W3: Relationships between Health, Healing, and Religion

Like we discussed last week, there is  HUGE relationship between the mind and culture. This week, there was more emphasis on the mind and the BODY within the culture. Religion is and always has had a huge impact on daily life, and it’s hard to deny that someone’s faith doesn’t affect how they think about things. A prime example of this in a religious aspect is the situation of the Namibia and the Botswana people. The gatherers used “healing dances” in order to enter an altered state of mind. During this altered state, if they touched someone, they could be healed. While this is so vastly different from western medicine, we do see our own versions of interesting healing in our own world that has to do with the mind that actually uses science. For some people, this can contradict everything they believe about science, meaning that science should be purely biological. The Placebo Effect is a direct relationship between the mind, science, and healing all in one. For a lot of patients dealing with health issues in the “science world,” AKA in a clinical trial, for example, a lot of doctors will use a Placebo pill in order to relieve their symptoms. It works simply because the patients THINK that they are taking an actual pill that is going to help them, when in reality it’s something along the lines of a sugar pill (Wang).

Personally, I believe science and healing go together in vastly different ways than healing and religion. A lot of doctors are quick to use pills as an only resort to healing a biological illness. This is very important in it’s own way; sometimes pills and treatments are the most effective way of treating an illness, such as cancer. However, there is always another side to the story. While a pill may help the problems physically, there is always an emotional problem that is most of the time gone untreated by doctors. This is where I believe that healing and religion can go together. For example, patients in the hospital who are receiving various treatments often are visited by pastors who will guide prayers with them and for them. This act of treating the inside and the outside of a person goes a long way in their healing process. Like Aristotle says, “there is absolutely nothing human about a corpse! The soul is what is truly human.” Furthermore, we see an overlay between science and healing by the mind in Sarah Berga’s approach to fertility: to just relax. The stress that can take over the mind and body can seriously alter the ability for women to reproduce. Her research tells us that stress alters signals to the hypothalamus (science), which leads to reduced levels of two important hormones needed for ovulation. Her fix to this problem? Relax and learn to cope with stress (healing by mind).

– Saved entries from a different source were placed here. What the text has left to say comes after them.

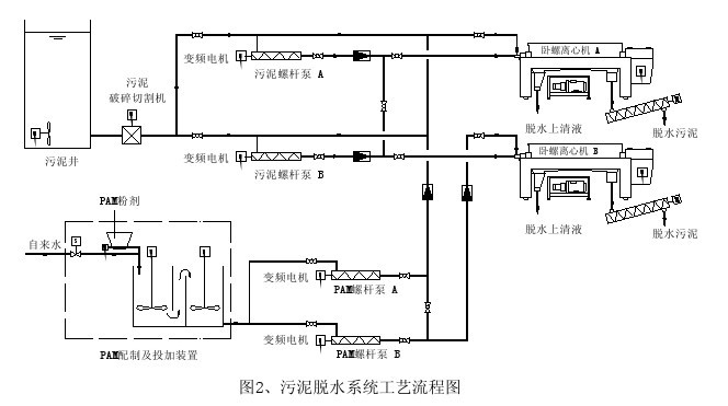 NOXON 臥螺離心脫水機的整體集成性能優良,絮凝劑投加裝置、絮凝劑泵、污泥泵等均隨離心機配套供應,在自控系統的支持下,組成了一個有機整體,其工藝流程如圖 2 所示。
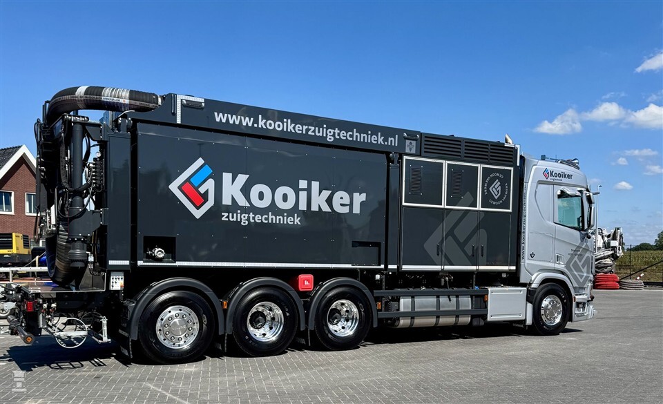 Op het chassis van de twee vrachtwagens is een installatie opgebouwd waarmee grond, zand en grind kan worden opgezogen. Deze zuigtechniek wordt ingezet als gewoon graven niet kan. De installatie kan overigens ook blazen, zodat ruimtes eenvoudig opgevuld kunnen worden met bijvoorbeeld zand. de nieuwe Scania R660 V8’s van Kooiker zijn dus niet alleen mooi om te zien, maar ook erg functioneel.
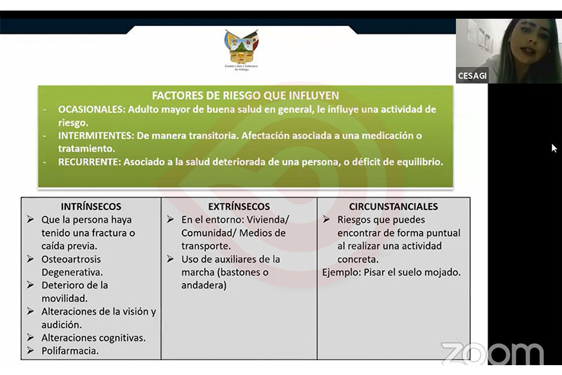 Ante ello, expertos de la Secretaría de Salud de Hidalgo (SSH), expusieron mediante un curso online, las principales acciones de prevención para evitar caídas en este sector de la población, así como su impacto en la salud del adulto y la actuación a emprender en caso de este tipo de accidentes.
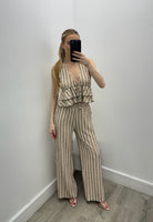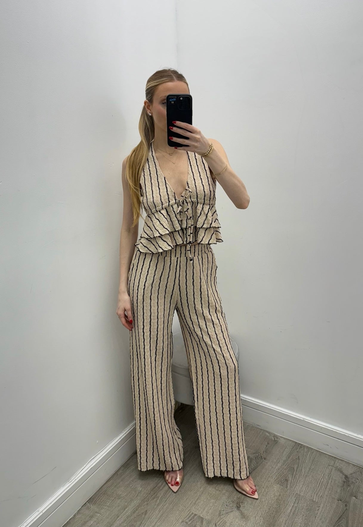 This effortlessly chic pant set features a textured striped design that adds subtle dimension and a modern edge. The sleeveless top is designed with a flattering V-neckline and lace-up front detail, finished with a soft ruffle hem for a feminine touch. The matching high-waisted pants offer a relaxed, wide-leg silhouette that flows beautifully for all-day comfort. Perfect for warm days, vacations, or casual outings, this set blends easy style with elevated detail.
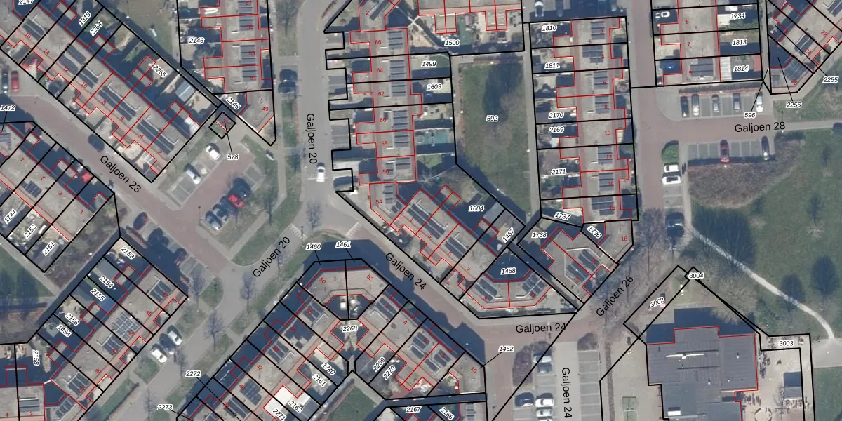 Het perceel waarop Galjoen 24 1 staat heeft een oppervlakte van 1028 m². Dit is een zeer groot perceel. De perceeloppervlakte wordt geregistreerd door het Kadaster. Gedetailleerde informatie over de maten van dit perceel kunt u vinden in het rapport Kadastrale kaart met maatvoering van Galjoen 24 1.

“In Clinical Trials and in the Clinic, What is the Placebo’s Effect?” Last modified January 1, 2003. http://jnci.oxfordjournals.org/content/95/1/6.full

2 thoughts on “W3: Relationships between Health, Healing, and Religion

  1. I agree with a lot of what you said in your post. One thing in particular I agreed with was when you were saying that biomedicine does have its place in helping people, via medication and the like, when they are dealing with major health issues. But you then also stated that religion or culture do have a part to play in the healing process as well. The stress the individuals experience every day and the reactions from their families to the health issue or issues that they are experiencing, as well as the treatment that they are undergoing, play an enormous role in their ability to become healthier and their reaction to the administered treatments.
    Your reference to Sara Berga’s findings on how stress can affect fertility was a great example of how prescribing someone a pill or other form of biomedicine is not always necessary. Sometimes, as was found in this fertility study, reducing stress and learning coping mechanisms to deal with stress are incredible ways to increase fertility. There was science involved in this study that showed that chemicals in regions of the brain were being adversely affected by stress, so in order to regain chemical balance the stress had to be decreased. And all of this is done without prescribing a pill or other biomedical treatment, which may or may not have been affective.

  2. I think your comments about how the mind influences our recovery from illnesses was really interesting. It was a great use of example citing the placebo effect example and how that influences people’s recovery time.
    It’s very interesting to think that the mind can literally trick your body into healing… OR if it really was the mind creating the symptoms. That would be an interesting thing to research: to see the amount of cases that were purely mind related symptoms that could be healed (headaches, nausea, pain) as opposed to body related symptoms (tumors, blood sugar/pressure, blood levels, bone healing, etc).